Materials and methods
Plants and reagents
The dry roots of Polygonum multiflorum Thunb. (PM) were purchased from Beijing Lüye Pharmaceutical Company, and voucher specimen is deposited in China Military Institute of Chinese Medicine. The PM was verified to have met the standards specified byChinese Pharmacopoeia. The trans-SG and cis-SG reference substances were provided by the National Institutes for Food and Drug Control and the Chengdu Chroma-Biotechnology Co., Ltd., respectively. LPS and sodium pentobarbital (Cat#P3761) were purchased from Sigma Chemical Company. LPS was derived from Escherichia coli, 055: B5 (Lot#113M4068V). Assays kits for the detection of plasma alanine aminotransferase (ALT) and aspartate aminotransferase (AST) were purchased from Jiancheng Biological Technology, Co., Ltd. (Nanjing, China). All other reagents and solvents were of the highest grade commercially available.
Study design
This study aimed to screen and identify the culprit responsible for Heshouwu-induced hepatotoxicity. The chemical fingerprints were comparably investigated between regular Heshouwu samples and the Heshouwu herbal liquor belonging to a DILI patient to preliminarily find suspect constituent with association to liver injury. Then, the constituent knock-out/knock-in strategy, which compared a target constituent with a whole-herb extract in a holistic manner, was used to track the major hepatotoxic compound in Heshouwu in a stepwise manner in the LPS-treated idiosyncratic rat model. The hepatotoxicity of cis-SG was further confirmed by evaluating the idiosyncratic hepatotoxicity of isolated cis-SG and trans-SG. The difference in hepatotoxicity between cis-SG and trans-SG was also studied by a metabolomics approach to elucidate the potential mechanism by which cis-SG induces liver injury.

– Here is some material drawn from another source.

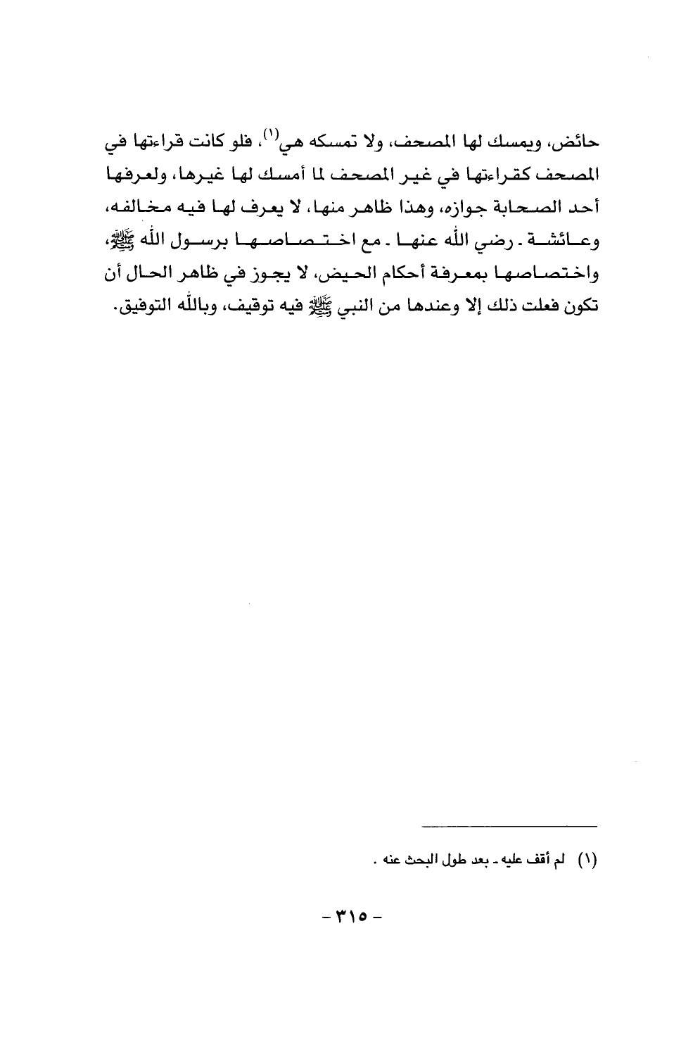 حائض، ويمسك لها المصحف، ولا تمسكه هي، فلو كانت قراءتها في المصحف كقراءتها في غير المصحف لما امسك لها غيرها، ولعرفها أحد الصحابة جوازه، وهذا ظاهر منها، لا يعرف لها فيه مخالفة، وعائشة -رضي الله عنها - مع اختصاصها برسول الله صَلَّى اللَّهُ عَلَيْهِ وَسَلَّمَ واختصاصها بمعرة أحكام الحيض، لا يجوز في ظاهر الحال أن تكون فعلت ذلك إلا وعندها من النبي صَلَّى اللَّهُ عَلَيْهِ وَسَلَّمَ فيه توقيف، وبالله التوفيق.
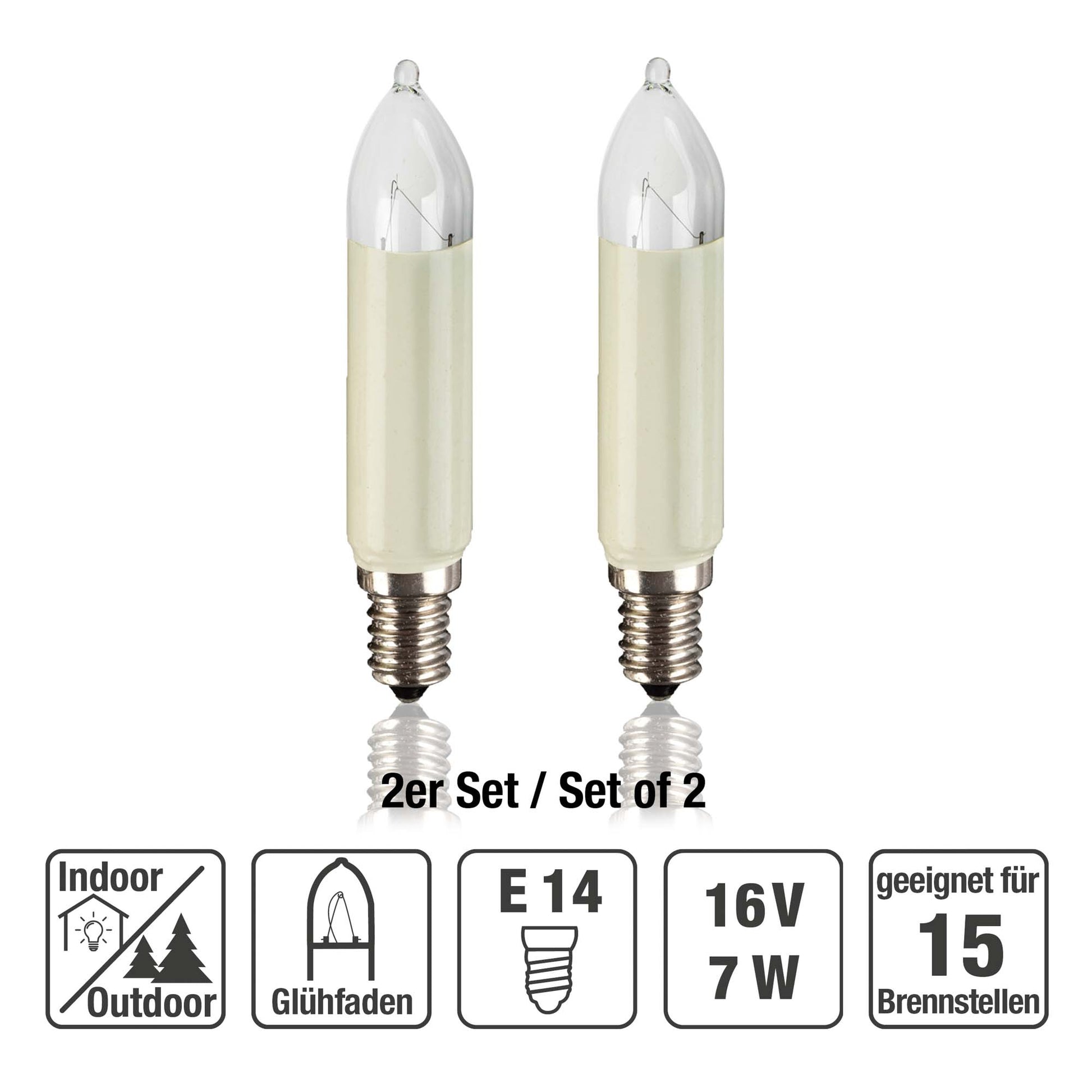 Ersatzkerzen Lichterkette 16V 7W für Lichterketten & Schwibbogen, 2 Stk Schaftkerzen E14 für 15 Brennstellen innen & außen 905045

Sample collection and preparation
The PM extracts were prepared through extraction eight times using 50% ethanol–water solution via the cold soaking method, which was repeated twice for 48 h each time. The extracted liquid was mixed, filtered, concentrated under reduced pressure, and dried under vacuum [
].
Trans-SG was weighed precisely, dissolved in methanol to a concentration of 5mg/ml, placed in a plane dish, and irradiated with UV light at 365 nm for 60 min (Fig. 1F–1I). After volatilizing methanol in the fume cupboard, the samples were sealed and preserved in light-proof bags [
].
Constituent “knock-out” and “knock-in”
For constituent “knock-out” (Fig. 2A), the crude extract was diluted with deionized water to a suitable concentration. The diluted extract was then extracted with an equal volume of chloroform five times and subjected to vacuum drying to obtain the chloroform extract (CH). The ethyl acetate extract (EA) was obtained by further extracting the remaining aqueous fraction with an equal volume of ethyl acetate nine times. The remaining ethyl acetate-extracted aqueous portion was evaporated to obtain the Heshouwu residue (RE).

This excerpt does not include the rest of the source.